# Water Buffalo Horn - questions



## W3DRM (Mar 17, 2009)

I am getting ready to turn a piece of CSUSA Water Buffalo Horn I picked up during the CSUSA group sale last January. The description in the CSUSA catalogue indicates it is stabilized.

This morning I was looking at the piece of horn and noticed it has several cracks that appear to go just about all the way through the horn, when viewed from each end. I did not notice them when I got it a couple months ago.


My questions are as follows:

If the horn is stabilized, as advertised, do I need to worry about the cracks or do anything special before or during the turning?
Should I soak it in cold water (as mentioned in several posts) before turning? My thinking here is that if the horn is stabilized then soaking it isn't going to help at all or very little at best.
This is my first piece of buffalo horn to turn so I want to be a bit cautious before I start. I have turned deer antler and had no problem at all with it other than the odor during turning...:bulgy-eyes:


----------



## TellicoTurning (Mar 17, 2009)

I doubt that the horn is stabilized... it's pretty dense stuff and I don't know how a stabilizing solution would penetrate.  I've never soaked mine and I've noticed several on IAP have recommended you do so., but I do drill very carefully and slowly, watching the heat carefully.. even have dripped a little water in the drill hole as I drill for additional cooling.  If you have just hair line cracks, try some water thin CA before you start.  

I've only had one crack of the half dozen or so I've made... it was in a glass topped case at a show and the sun was shining into the booth and the case.. I lost about 6 pens that day because of the heat... I've pretty much given up on the glass cases, between breaking one glass and the heat problem, they're more trouble than worth to me now.


----------



## Russianwolf (Mar 17, 2009)

The odor is different. The odor from antler is like a tooth being drilled, while the odor from horn is like burning hair. One is bone after all and the other is hair.

As far as the stabilization is concerned, I'll have to defer to others as I've only turned a couple and do not know if they were stabilized or not. I did not soak them however.

The pieces I had, did have cracks in them, which I thought were normal for the material.


----------



## ed4copies (Mar 17, 2009)

I have purchased UNstabilized horn and sent it out to be stabilized.  I was told by a source I consider very knowledgeable that the horn could not absorb enough liquid to make stabilization viable.
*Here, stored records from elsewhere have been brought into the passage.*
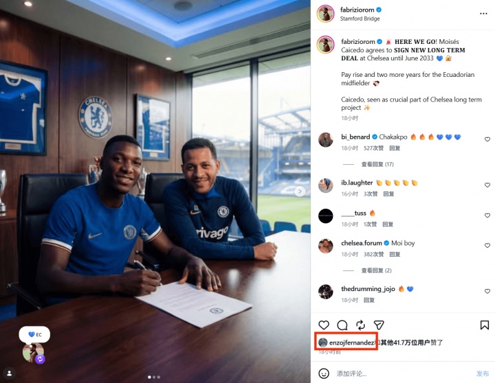 直播吧04月17日讯 罗马诺昨天发文用标志性的Here We Go确认,凯塞多与切尔西涨薪续约至2033年。恩佐本人在这条帖文下点赞。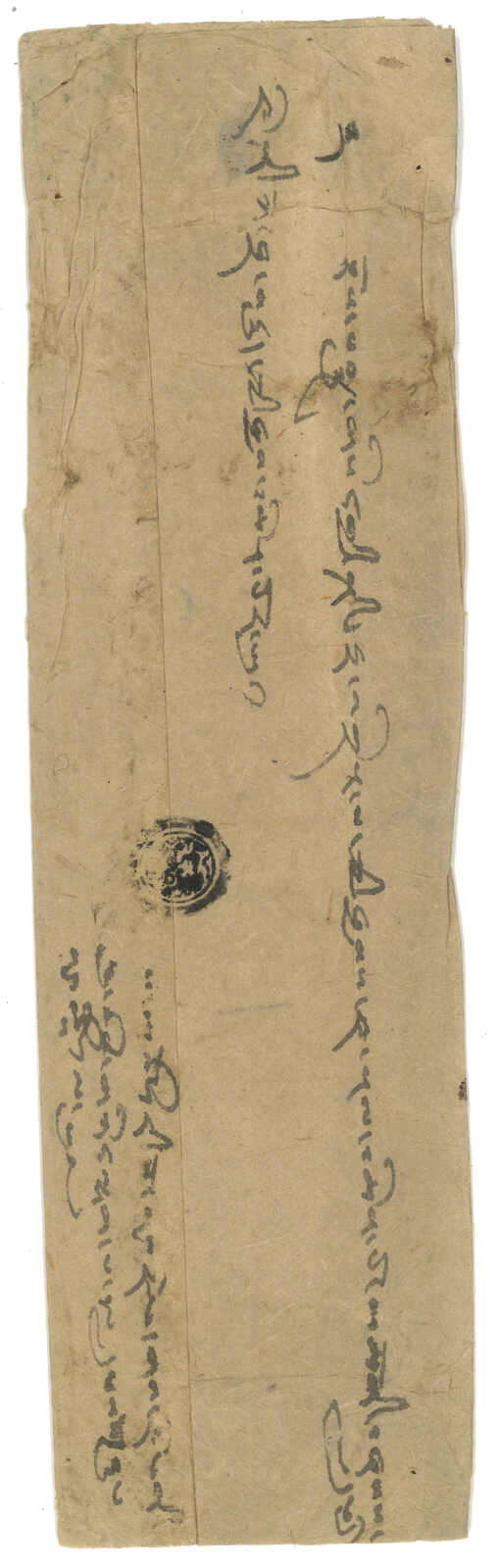 1896 (May) official cover from Kerong to Kathmandu, showingRasuwa and Kathmandu manuscript as postmarks. With small circular black seal.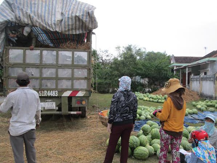 | Các thương lái hùn nhau mua chung 1 xe dưa. |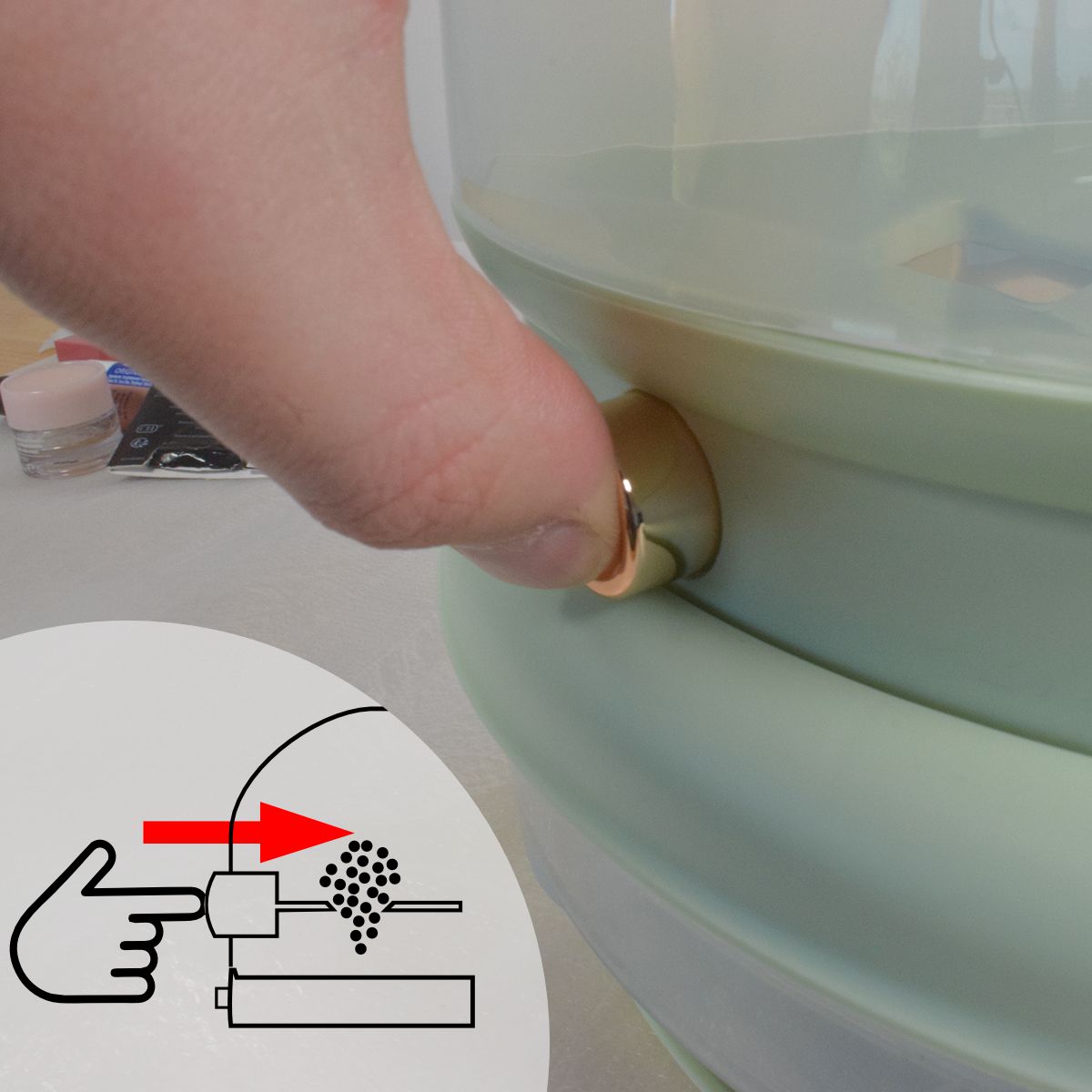 Accesul la boabe se realizeaza prin simpla apasare a butonului fixat sub compartimentul dorit.

As to cracking, I have made MANY buffalo horn pens that cracked.  I finallly made a cigar pen that I use, myself.  Keeping it in my pocket, or on my desk, it has done fine.  I believe the others cracked due to the changes in atmosphere (temp and Humidity) taking them from show to show.

While I realize I have not ANSWERED your question, I hope this will give you some insight to the nature of your horn.


----------



## skywizzard (Mar 17, 2009)

Don,  I turned the CSUSA Water Buffalo Horn recently.  I did not soak, but I didn't have any cracks as you described.  It appeared a little "ragged" when I first started turning but finished nicely.  It says stabilized, but really doesn't look like stabilized.   Stinks something terrible while turning.  Be sure to use mask or good dust collector


----------



## W3DRM (Mar 17, 2009)

Thanks for the replies. Here is the CSUSA catalogue description of the Water Buffalo Horn item # 348-0100:

*Water Buffalo Horn Pen Blank*

*Water buffalo horn is ideal for creating unique, custom pens. The subtle pattern with an occasional light streak gives a unique look to this material. It's easy to turn and very dense so it takes detail very well. Water buffalo horn is stabilized for durability and is moisture resistant. It finishes nicely and takes standard finishes. These pen blanks are 3/4" round by 5 1/4" long. Blanks require drilling.*

Am going to give it a try this morning. Will let you know how it comes out. I do have a good mask and DC. Hope they help keep the smell to a minimum...


----------



## its_virgil (Mar 17, 2009)

I've stopped turning water buffalo horn because of the cracking. As mentioned the couple I keep in my collection case have done fine but the ones I've sold have all been returned cracked. There are way too many woods and other materials to turn that to worry about more buffalo horn pens going out then returning. I hope yours works fine and that you have the good luck that others have reported.
Do a good turn daily!
Don


----------



## gketell (Mar 18, 2009)

I've made several pens from buffalo horn (non-stabilized).  But after reading all the issues others had I've stayed with pens that use thicker blanks like the Cigar.  I've not had one crack yet.

GK


----------